(Data provided):

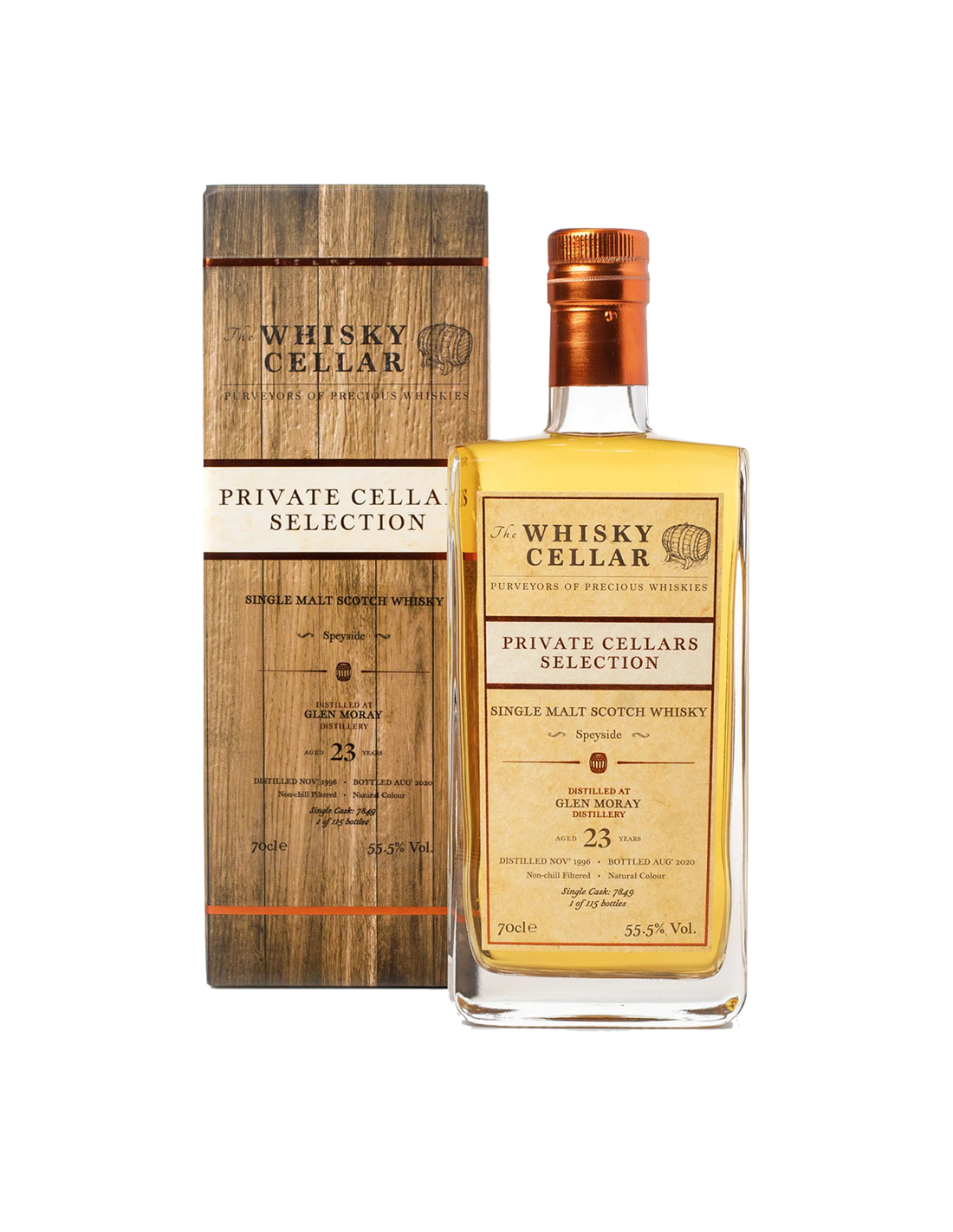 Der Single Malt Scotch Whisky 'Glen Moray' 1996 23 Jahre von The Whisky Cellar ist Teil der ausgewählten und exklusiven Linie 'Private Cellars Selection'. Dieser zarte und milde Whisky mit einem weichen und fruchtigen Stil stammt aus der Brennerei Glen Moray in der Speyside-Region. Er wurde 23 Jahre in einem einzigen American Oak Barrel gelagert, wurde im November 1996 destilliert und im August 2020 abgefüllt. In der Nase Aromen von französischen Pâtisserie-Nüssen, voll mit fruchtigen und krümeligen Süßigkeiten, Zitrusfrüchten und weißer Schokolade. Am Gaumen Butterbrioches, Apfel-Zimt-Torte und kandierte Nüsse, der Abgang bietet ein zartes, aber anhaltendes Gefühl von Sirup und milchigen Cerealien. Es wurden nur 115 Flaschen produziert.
--
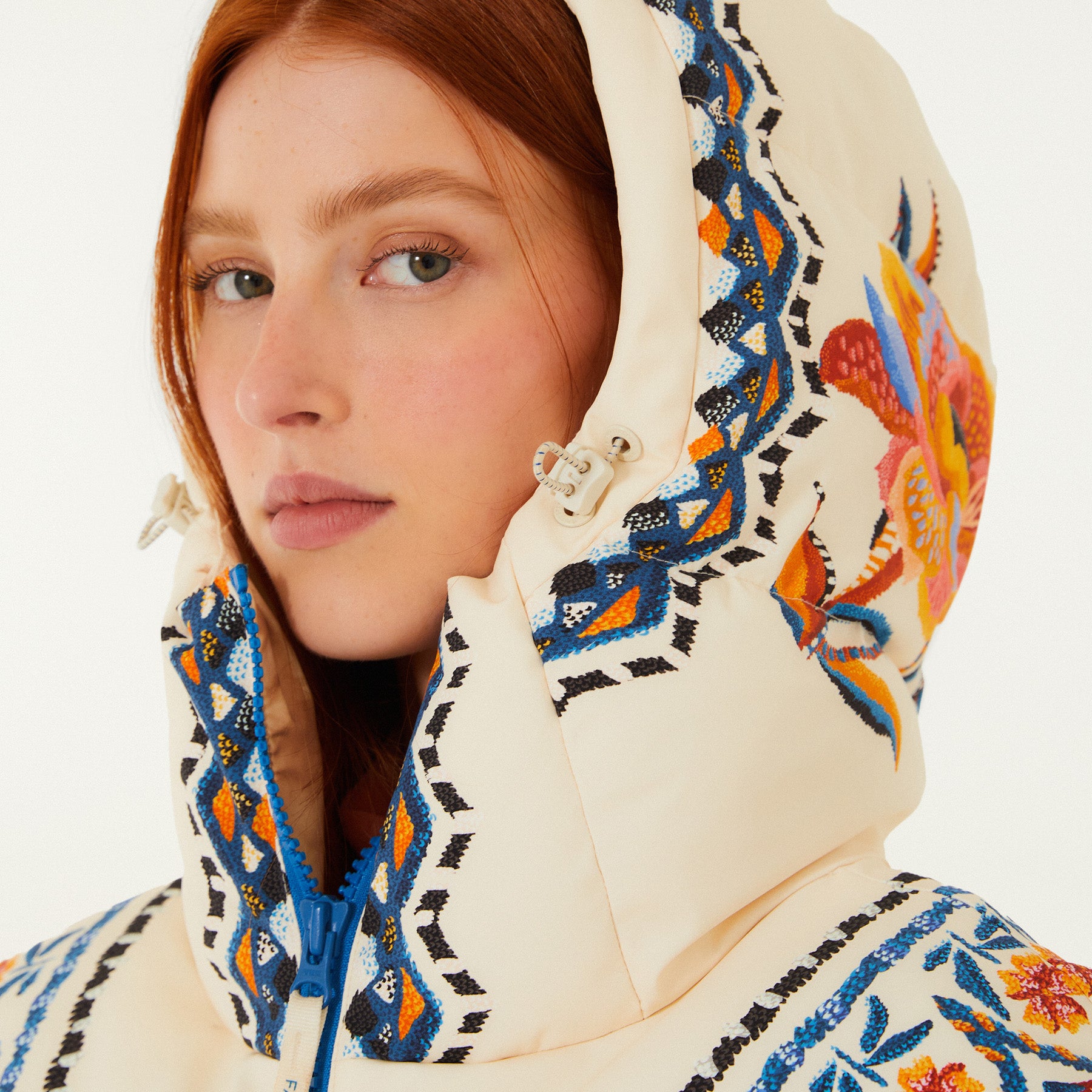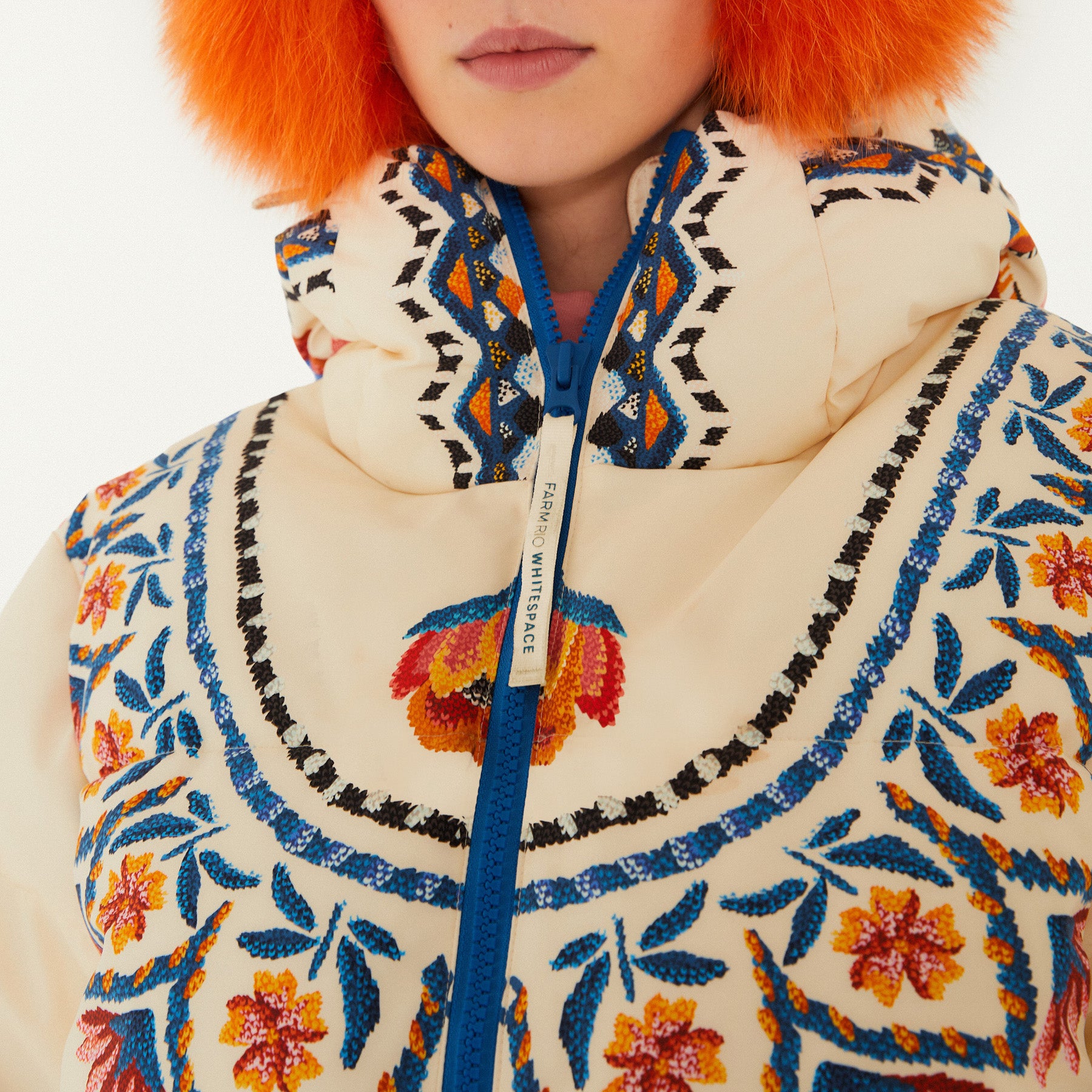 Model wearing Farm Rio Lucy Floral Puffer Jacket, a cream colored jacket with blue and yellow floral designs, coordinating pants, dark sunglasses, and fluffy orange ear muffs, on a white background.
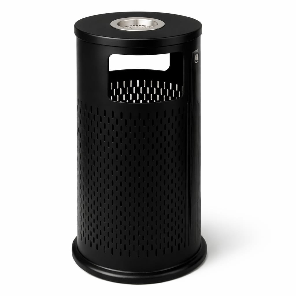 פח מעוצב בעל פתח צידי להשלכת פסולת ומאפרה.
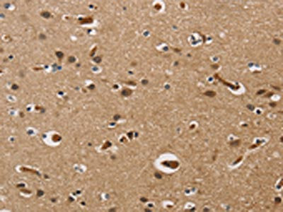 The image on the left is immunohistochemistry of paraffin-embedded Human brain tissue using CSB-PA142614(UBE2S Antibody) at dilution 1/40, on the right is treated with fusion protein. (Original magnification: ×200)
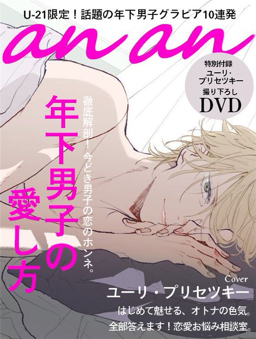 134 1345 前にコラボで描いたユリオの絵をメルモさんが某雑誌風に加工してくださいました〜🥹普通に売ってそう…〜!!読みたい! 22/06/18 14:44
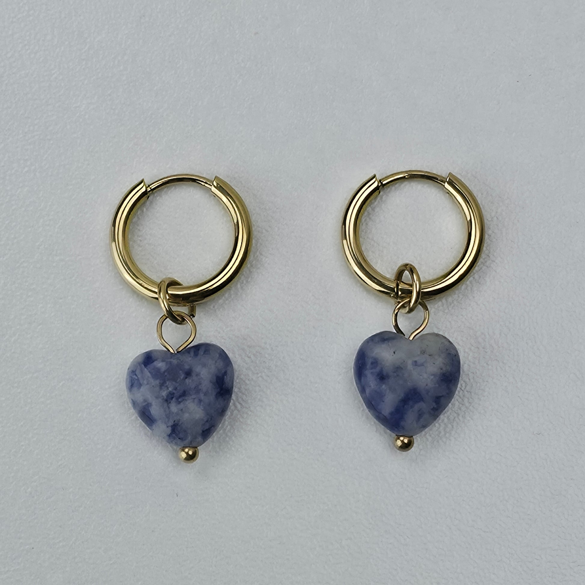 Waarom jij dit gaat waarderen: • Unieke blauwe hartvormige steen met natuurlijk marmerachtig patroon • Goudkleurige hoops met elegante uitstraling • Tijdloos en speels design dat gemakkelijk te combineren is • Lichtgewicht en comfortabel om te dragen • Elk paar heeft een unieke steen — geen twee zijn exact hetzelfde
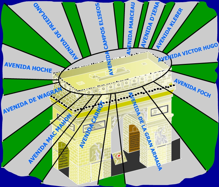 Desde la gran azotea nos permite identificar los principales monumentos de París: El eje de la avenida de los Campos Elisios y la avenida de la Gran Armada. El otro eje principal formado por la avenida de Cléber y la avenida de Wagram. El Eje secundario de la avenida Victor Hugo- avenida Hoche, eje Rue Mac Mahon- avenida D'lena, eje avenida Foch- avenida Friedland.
* * *
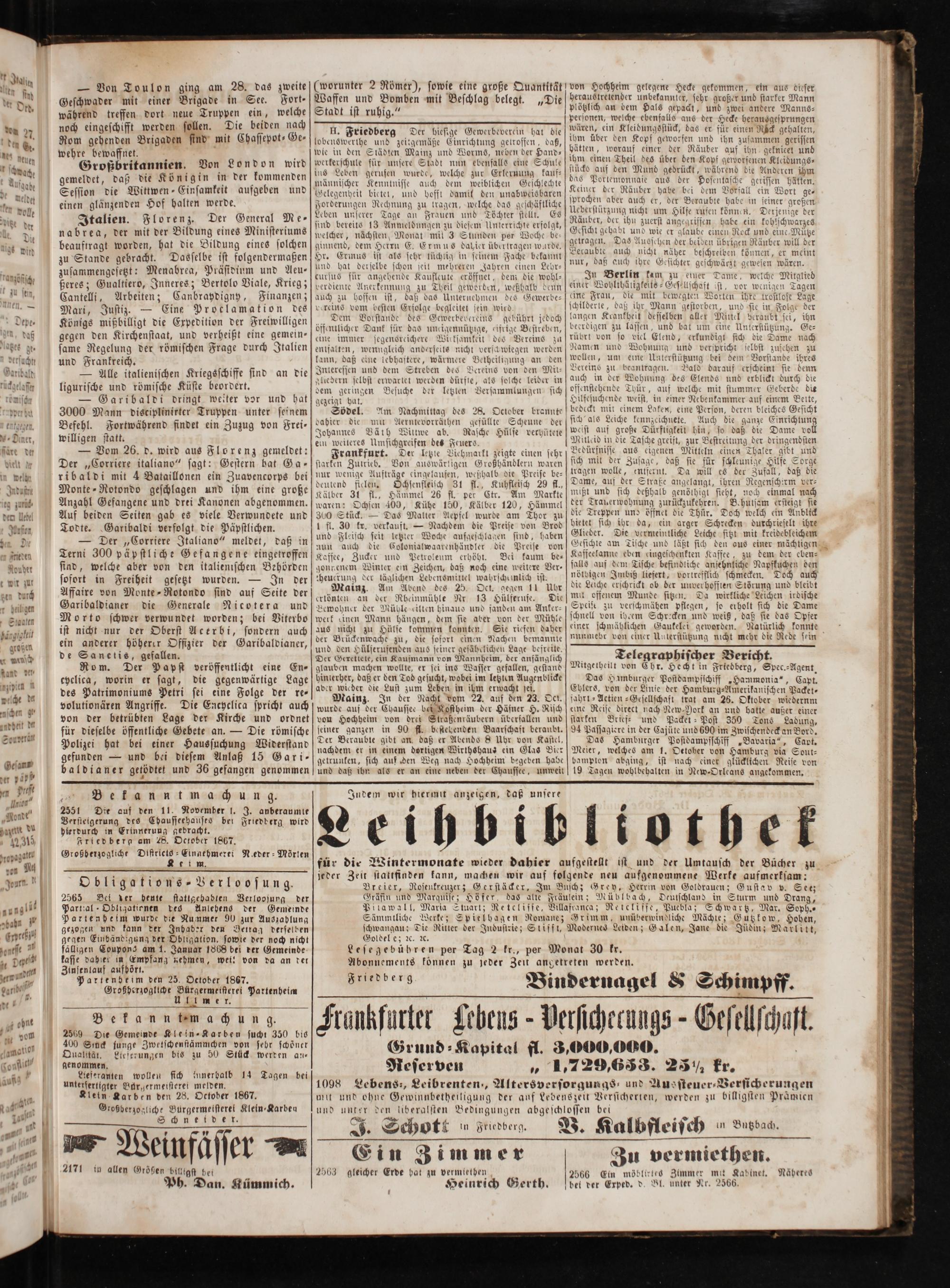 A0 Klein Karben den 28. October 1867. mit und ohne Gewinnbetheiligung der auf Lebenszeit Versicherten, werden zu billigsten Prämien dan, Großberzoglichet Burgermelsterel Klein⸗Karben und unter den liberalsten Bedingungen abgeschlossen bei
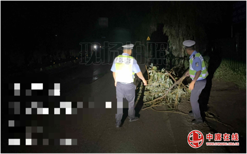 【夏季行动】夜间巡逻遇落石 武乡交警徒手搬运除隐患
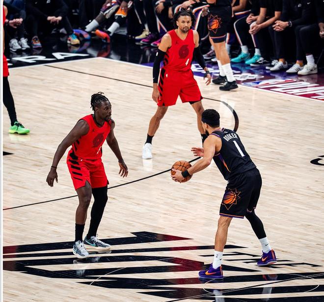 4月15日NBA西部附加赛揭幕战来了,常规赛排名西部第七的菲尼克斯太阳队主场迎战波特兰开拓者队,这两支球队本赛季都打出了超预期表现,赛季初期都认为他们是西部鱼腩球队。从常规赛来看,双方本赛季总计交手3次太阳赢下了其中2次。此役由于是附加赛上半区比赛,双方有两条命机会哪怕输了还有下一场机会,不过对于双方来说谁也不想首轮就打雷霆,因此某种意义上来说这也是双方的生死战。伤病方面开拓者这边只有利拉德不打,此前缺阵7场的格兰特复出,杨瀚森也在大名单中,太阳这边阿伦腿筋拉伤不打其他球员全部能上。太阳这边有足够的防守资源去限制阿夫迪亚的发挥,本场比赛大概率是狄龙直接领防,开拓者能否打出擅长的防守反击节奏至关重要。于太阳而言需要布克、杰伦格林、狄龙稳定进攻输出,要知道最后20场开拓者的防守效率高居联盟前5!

(Exercise aim):
Output exactly the lines of the listing above that start with the one holding "A0 Klein Karben" and go on through the one holding "4月15日NBA西部附加赛揭"; leave the pictures out.

(Result of this task):
 A0 Klein Karben den 28. October 1867. mit und ohne Gewinnbetheiligung der auf Lebenszeit Versicherten, werden zu billigsten Prämien dan, Großberzoglichet Burgermelsterel Klein⸗Karben und unter den liberalsten Bedingungen abgeschlossen bei
 【夏季行动】夜间巡逻遇落石 武乡交警徒手搬运除隐患
 4月15日NBA西部附加赛揭幕战来了,常规赛排名西部第七的菲尼克斯太阳队主场迎战波特兰开拓者队,这两支球队本赛季都打出了超预期表现,赛季初期都认为他们是西部鱼腩球队。从常规赛来看,双方本赛季总计交手3次太阳赢下了其中2次。此役由于是附加赛上半区比赛,双方有两条命机会哪怕输了还有下一场机会,不过对于双方来说谁也不想首轮就打雷霆,因此某种意义上来说这也是双方的生死战。伤病方面开拓者这边只有利拉德不打,此前缺阵7场的格兰特复出,杨瀚森也在大名单中,太阳这边阿伦腿筋拉伤不打其他球员全部能上。太阳这边有足够的防守资源去限制阿夫迪亚的发挥,本场比赛大概率是狄龙直接领防,开拓者能否打出擅长的防守反击节奏至关重要。于太阳而言需要布克、杰伦格林、狄龙稳定进攻输出,要知道最后20场开拓者的防守效率高居联盟前5!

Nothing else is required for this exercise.